AntigenLM: Structure-Aware DNA Language Modeling for Influenza¶

Conference: ICLR 2026 arXiv: 2602.09067 Code: https://github.com/peilab-cnic/AntigenLM Area: Biological Sequence Generation / DNA Language Models Keywords: DNA language model, influenza virus prediction, functional unit encoding, whole-genome modeling, vaccine design

TL;DR¶

AntigenLM is a GPT-2-style DNA language model that preserves the integrity of genomic functional units. Pretrained on complete influenza virus whole genomes and subsequently fine-tuned, it autoregressively predicts antigenic sequences of future circulating strains, achieving significantly lower amino acid mismatch rates than the evolutionary model beth-1 and general-purpose genomic models.

Background & Motivation¶

Background: Influenza viruses evolve rapidly to escape host immunity, necessitating frequent vaccine strain updates. Current WHO vaccine recommendations rely on phylodynamic indicators (e.g., LBI) and site-level evolutionary prediction models (e.g., beth-1).

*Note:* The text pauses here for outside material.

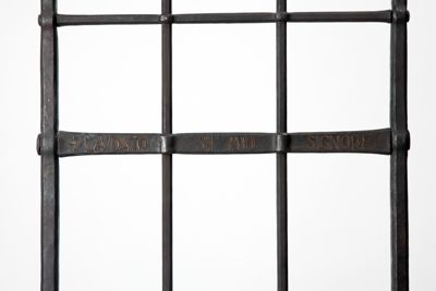 Leggio in ferro battuto con quattro reggicandela, recante una scritta tratta dal Cantico delle Creature di San Francesco

Limitations of Prior Work: - Site-level models (beth-1) treat mutations as independent events and cannot capture co-evolution across genomic segments. - General-purpose genomic foundation models (DNABERT, HyenaDNA) are trained on multi-species heterogeneous corpora, losing species-specific structural information. - Protein-level models (ESM, ProtGPT2) entirely ignore nucleotide-level evolutionary mechanisms such as synonymous mutations, non-coding regulatory elements, and codon adaptation.

Key Challenge: Viral evolution is driven by coordinated multi-segment genome-wide interactions (RNA–RNA interactions, segment reassortment constraints, polymerase–antigen co-adaptation); fragmented modeling discards critical signals.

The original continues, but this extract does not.